You are assuming that the ability to do one thing proves that it's therefore possible to do something entirely different. Virtual machines of various types have existed since the 1950s because they're conceptually fairly simple, and the mainframe world has been virtualising operating systems for the best part of four decades because it isn't particularly difficult to do, especially when the ones being virtualised can already boot in a non-virtual way on the host hardware. Running software for one OS under an entirely different one is however (as the people who've been writing WINE will attest) a _much_ more difficult process, because one has to implement all the APIs that it interacts with on the other OS, something even Microsoft have trouble achieving between versions of their own operating systems despite having the entire source code to all of them, hence the fact that every new version of Windows "breaks" lots of software and drivers that ran perfectly well under the previous ones. If there was a simple solution to this problem, then one of the people with a deeper knowledge of both Windows and Linux than you or I would have already implemented it, just like somebody already implemented ndiswrapper to cope with some types of Winmodems.
"If there was only some way to virtualize printer drivers,she and a lot of folks who know almost nothing about the pc and have even less money could have a safe and reliable OS."

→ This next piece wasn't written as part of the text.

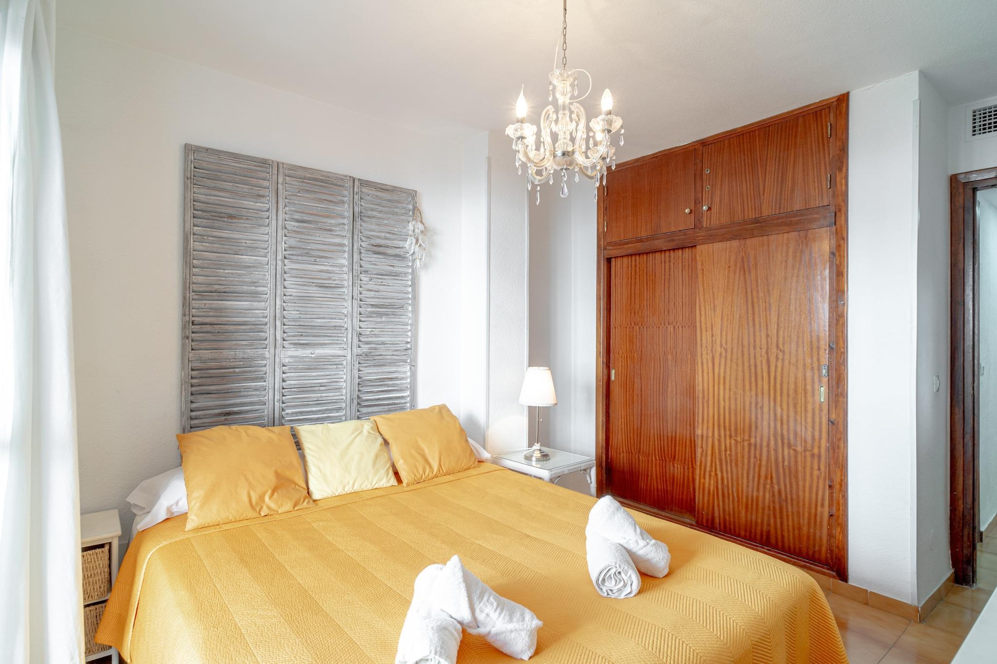 A tastefully furnished apartment, this bright and comfortable property features two bedrooms—one with a double bed and the other with two single beds—comfortably accommodating up to four guests. It includes a cozy living area with direct access to a private 10 m² terrace and a balcony offering views of the garden and the communal swimming pool. This pet-friendly apartment welcomes animals, excluding dangerous breeds, and is an excellent choice for families or small groups. Optional extras such as a crib, high chair, or champagne bottle can be rented, and complimentary amenities like air conditioning, internet, and bed linens ensure a convenient stay. Centrally located in Nerja, this apartment sits just 200 meters from the sandy Torrecilla Beach and 400 meters from the scenic Balcón de Europa viewpoint. A short walk leads to local shops, including Coviran supermarket only 100 meters away, and nearby restaurants such as Rincón de Encarni. The area is both family-friendly and vibrant, with easy access to public transport. Malaga Airport, approximately 65 kilometers away, serves as the nearest major travel hub, making arrivals and departures efficient for international guests. The apartment also features a fully equipped electric open-plan kitchen fitted with modern appliances including a refrigerator, oven, microwave, freezer, coffee machine, toaster, and kettle. The unit includes one bathroom with a walk-in shower, a hairdryer, and a washing machine for added convenience. Guests benefit from satellite TV, a lift for step-free access, a heating system, and an iron, making the apartment ideal for both short breaks and longer stays.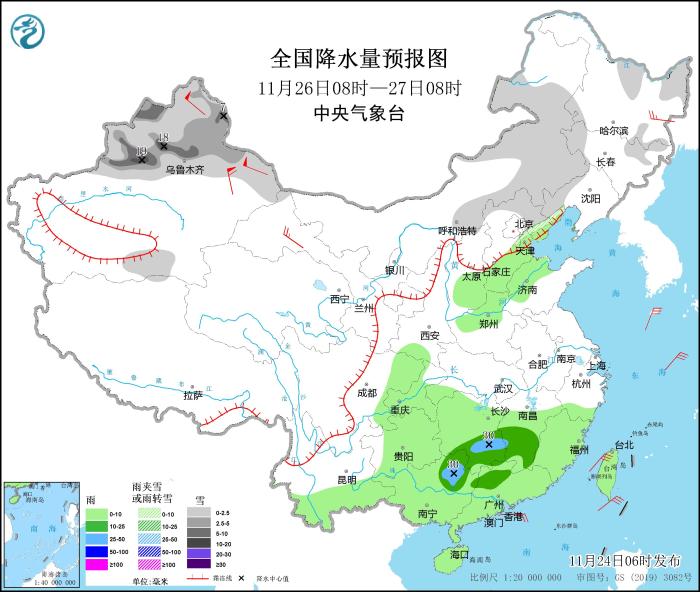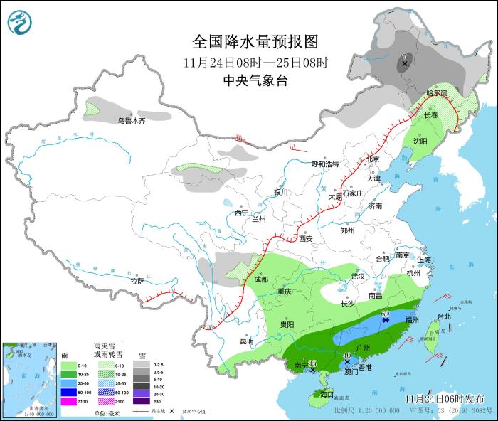 11月24日08時至25日08時,內(nei) 蒙古東(dong) 部、東(dong) 北地區、新疆沿天山地區、甘肅河西、川西高原等地部分地區有小到中雪或雨夾雪,其中,內(nei) 蒙古東(dong) 北部局地有大雪(5~7毫米)。江南南部、華南大部等地部分地區有中到大雨,局地暴雨(50~60毫米)。內(nei) 蒙古西部部分地區有5~7級風(見圖1)。

The only possible solution to this would be WINE or a similar Windows API layer for Linux, because (as I've said repeatedly) cheap all-in-one printers use the Windows API and Windows fonts to handle things that less crappy hardware does for itself. However, the fact that few if any drivers for printers bought a year ago will work under Windows Vista means that the chances of them running under WINE are minimal at best.
"I firmly believe that ultra cheap pc's like the everex will end up taking over the granny and joe sixpack crowd,if only we can figure out a way to get those damned printers to work.I've never had any trouble getting any other piece of hardware running,but those damned printers end up being the dealbreaker every time."
Software, irrespective of whether it's a driver or an application, is often a deal breaker both for Linux / OS X and newer versions of Windows won't run something people need to use. I don't think there'll ever be a guaranteed way of making those devices work with anything except the specific versions of Windows they were designed around unless their manufacturers decide that (for example) Macs become worth supporting, which will help with Linux due to the fact that OS X is conceptually far closer to it than either of them are to Windows. I wouldn't hold my breath though, because the fact that Macs are becoming much more common nowadays doesn't mean that those who buy them will want a cheap, slow, resource-intensive device that uses ludicrously overpriced refills when a few extra dollars gets something with much better performance and durability that's cheaper to run, and therefore costs the same amount (and quite frequently less) over its useful life.
I'm not going to change your sheets again, Mr. Hastings.